→ **What is expected**: Your output must be the lines below from the line containing "Kate Spade Black" to the line containing "Elevate your cocktail", both lines included, reproduced exactly and without pictures.
++++ Dataset records ++++
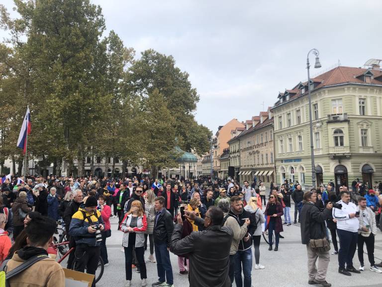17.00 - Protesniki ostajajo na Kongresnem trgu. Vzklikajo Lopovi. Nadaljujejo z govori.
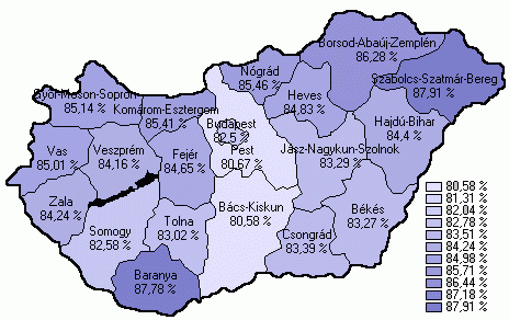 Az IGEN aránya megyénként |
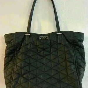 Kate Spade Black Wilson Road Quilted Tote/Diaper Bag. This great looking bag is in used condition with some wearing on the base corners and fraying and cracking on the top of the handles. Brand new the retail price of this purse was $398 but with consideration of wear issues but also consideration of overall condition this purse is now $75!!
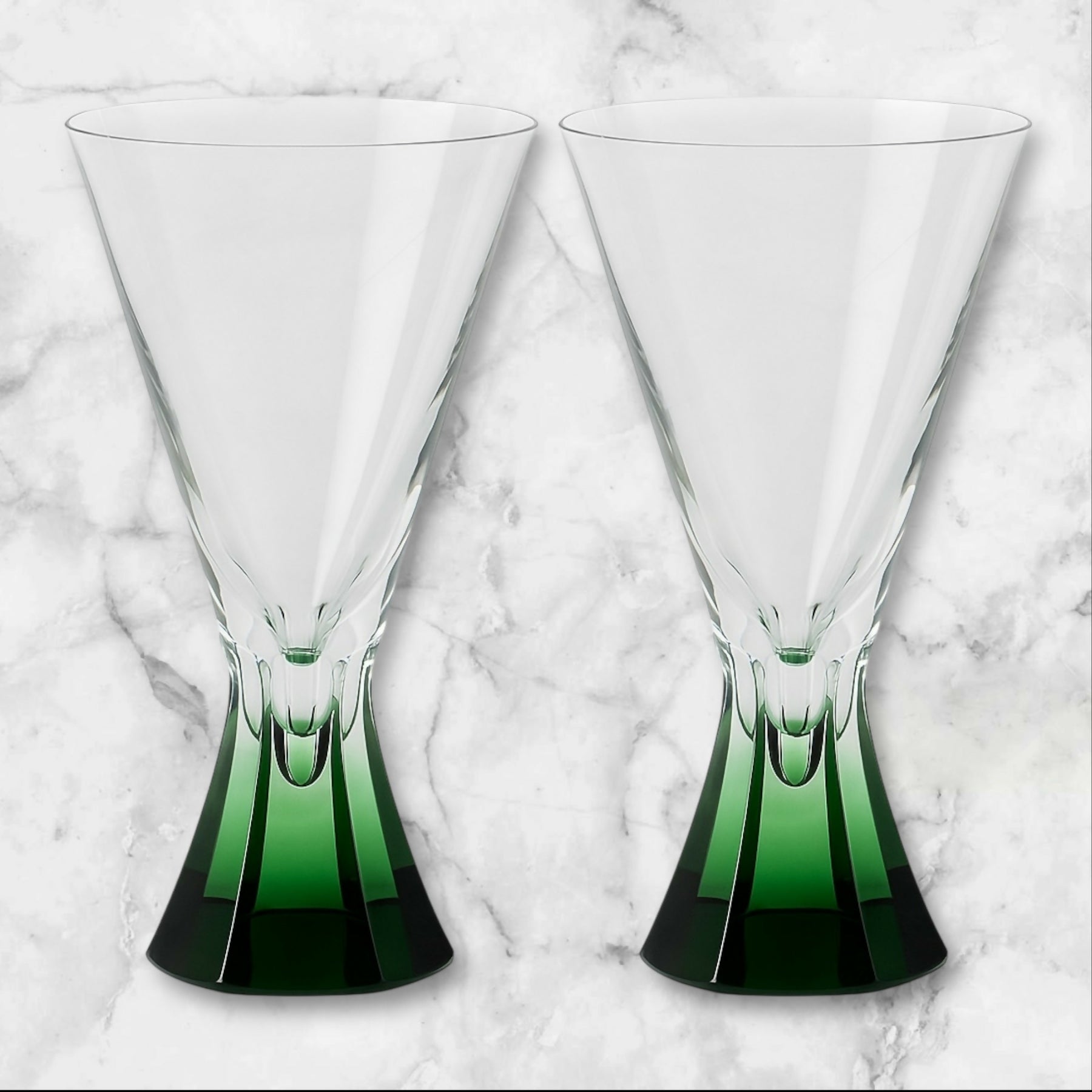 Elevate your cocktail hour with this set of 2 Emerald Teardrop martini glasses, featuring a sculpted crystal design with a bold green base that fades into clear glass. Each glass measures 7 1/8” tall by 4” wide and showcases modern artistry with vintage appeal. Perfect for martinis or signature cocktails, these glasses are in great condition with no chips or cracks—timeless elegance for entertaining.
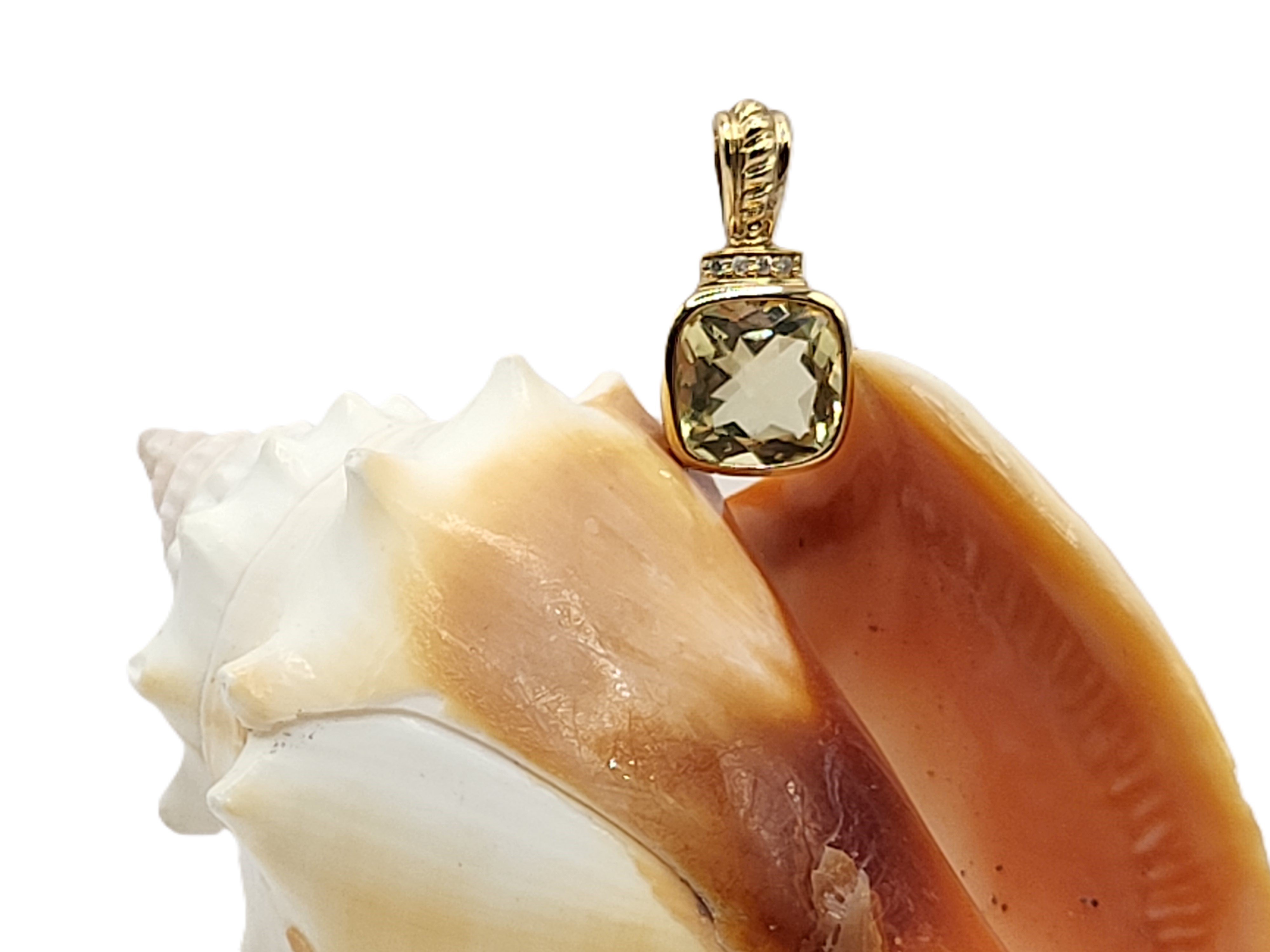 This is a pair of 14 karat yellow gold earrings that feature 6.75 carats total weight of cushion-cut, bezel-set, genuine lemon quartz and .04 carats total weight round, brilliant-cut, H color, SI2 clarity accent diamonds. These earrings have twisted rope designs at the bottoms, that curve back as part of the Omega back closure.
++++
→ **Expected answer**:
 Kate Spade Black Wilson Road Quilted Tote/Diaper Bag. This great looking bag is in used condition with some wearing on the base corners and fraying and cracking on the top of the handles. Brand new the retail price of this purse was $398 but with consideration of wear issues but also consideration of overall condition this purse is now $75!!
 Elevate your cocktail hour with this set of 2 Emerald Teardrop martini glasses, featuring a sculpted crystal design with a bold green base that fades into clear glass. Each glass measures 7 1/8” tall by 4” wide and showcases modern artistry with vintage appeal. Perfect for martinis or signature cocktails, these glasses are in great condition with no chips or cracks—timeless elegance for entertaining.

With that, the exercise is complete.